Exercise prompt → Without including any images, please transcribe all the lines below exactly.

Stored data →
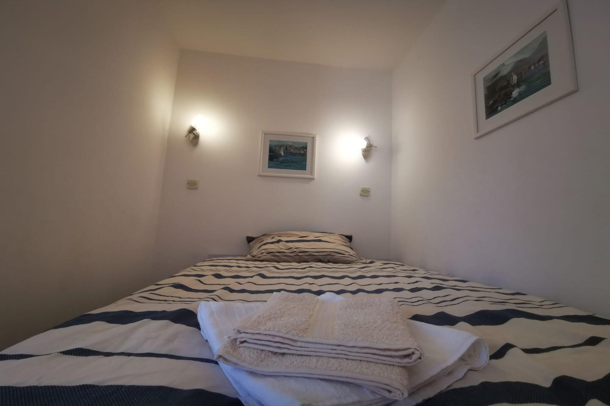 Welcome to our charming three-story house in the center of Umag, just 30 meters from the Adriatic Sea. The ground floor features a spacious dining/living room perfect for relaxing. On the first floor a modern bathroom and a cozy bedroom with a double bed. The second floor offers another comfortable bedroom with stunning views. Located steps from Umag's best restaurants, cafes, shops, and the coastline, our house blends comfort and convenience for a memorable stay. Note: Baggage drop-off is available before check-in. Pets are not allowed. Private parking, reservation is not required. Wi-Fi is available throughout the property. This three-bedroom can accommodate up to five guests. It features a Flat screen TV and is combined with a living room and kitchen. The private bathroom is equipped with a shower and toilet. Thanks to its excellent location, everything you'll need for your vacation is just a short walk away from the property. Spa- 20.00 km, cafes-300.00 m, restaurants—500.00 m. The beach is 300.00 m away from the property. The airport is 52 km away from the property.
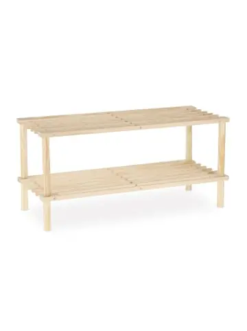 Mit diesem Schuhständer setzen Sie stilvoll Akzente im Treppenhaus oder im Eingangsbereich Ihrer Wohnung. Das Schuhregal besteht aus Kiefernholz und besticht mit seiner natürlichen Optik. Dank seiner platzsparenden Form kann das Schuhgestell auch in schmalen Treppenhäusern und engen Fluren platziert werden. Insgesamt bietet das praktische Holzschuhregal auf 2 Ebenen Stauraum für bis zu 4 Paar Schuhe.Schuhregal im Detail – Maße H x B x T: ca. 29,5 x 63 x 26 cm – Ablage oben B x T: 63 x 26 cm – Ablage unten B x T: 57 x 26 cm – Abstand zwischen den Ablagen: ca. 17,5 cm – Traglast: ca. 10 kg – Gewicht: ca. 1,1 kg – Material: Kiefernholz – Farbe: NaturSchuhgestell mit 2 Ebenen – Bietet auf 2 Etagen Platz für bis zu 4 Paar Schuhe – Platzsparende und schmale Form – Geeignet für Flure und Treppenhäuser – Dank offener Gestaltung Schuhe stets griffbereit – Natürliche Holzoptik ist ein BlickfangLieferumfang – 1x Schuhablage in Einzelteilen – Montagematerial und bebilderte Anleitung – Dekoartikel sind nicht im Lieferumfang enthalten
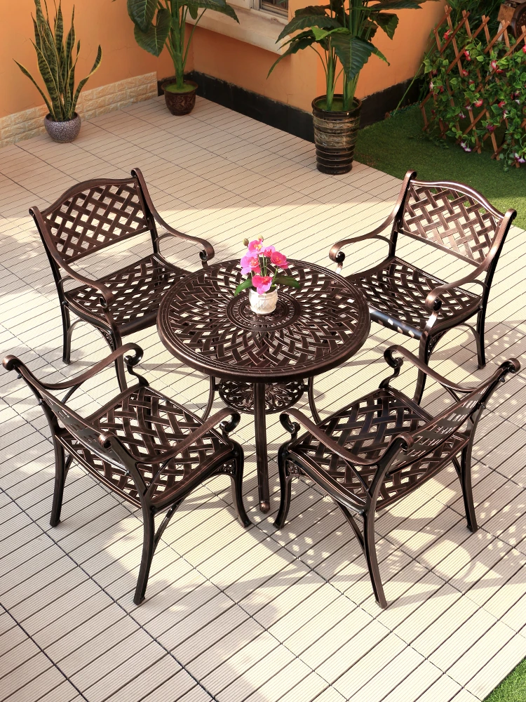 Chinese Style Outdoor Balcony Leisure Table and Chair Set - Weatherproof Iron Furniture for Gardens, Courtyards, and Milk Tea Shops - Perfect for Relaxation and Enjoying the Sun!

Exercise solution →
 Welcome to our charming three-story house in the center of Umag, just 30 meters from the Adriatic Sea. The ground floor features a spacious dining/living room perfect for relaxing. On the first floor a modern bathroom and a cozy bedroom with a double bed. The second floor offers another comfortable bedroom with stunning views. Located steps from Umag's best restaurants, cafes, shops, and the coastline, our house blends comfort and convenience for a memorable stay. Note: Baggage drop-off is available before check-in. Pets are not allowed. Private parking, reservation is not required. Wi-Fi is available throughout the property. This three-bedroom can accommodate up to five guests. It features a Flat screen TV and is combined with a living room and kitchen. The private bathroom is equipped with a shower and toilet. Thanks to its excellent location, everything you'll need for your vacation is just a short walk away from the property. Spa- 20.00 km, cafes-300.00 m, restaurants—500.00 m. The beach is 300.00 m away from the property. The airport is 52 km away from the property.
 Mit diesem Schuhständer setzen Sie stilvoll Akzente im Treppenhaus oder im Eingangsbereich Ihrer Wohnung. Das Schuhregal besteht aus Kiefernholz und besticht mit seiner natürlichen Optik. Dank seiner platzsparenden Form kann das Schuhgestell auch in schmalen Treppenhäusern und engen Fluren platziert werden. Insgesamt bietet das praktische Holzschuhregal auf 2 Ebenen Stauraum für bis zu 4 Paar Schuhe.Schuhregal im Detail – Maße H x B x T: ca. 29,5 x 63 x 26 cm – Ablage oben B x T: 63 x 26 cm – Ablage unten B x T: 57 x 26 cm – Abstand zwischen den Ablagen: ca. 17,5 cm – Traglast: ca. 10 kg – Gewicht: ca. 1,1 kg – Material: Kiefernholz – Farbe: NaturSchuhgestell mit 2 Ebenen – Bietet auf 2 Etagen Platz für bis zu 4 Paar Schuhe – Platzsparende und schmale Form – Geeignet für Flure und Treppenhäuser – Dank offener Gestaltung Schuhe stets griffbereit – Natürliche Holzoptik ist ein BlickfangLieferumfang – 1x Schuhablage in Einzelteilen – Montagematerial und bebilderte Anleitung – Dekoartikel sind nicht im Lieferumfang enthalten
 Chinese Style Outdoor Balcony Leisure Table and Chair Set - Weatherproof Iron Furniture for Gardens, Courtyards, and Milk Tea Shops - Perfect for Relaxation and Enjoying the Sun!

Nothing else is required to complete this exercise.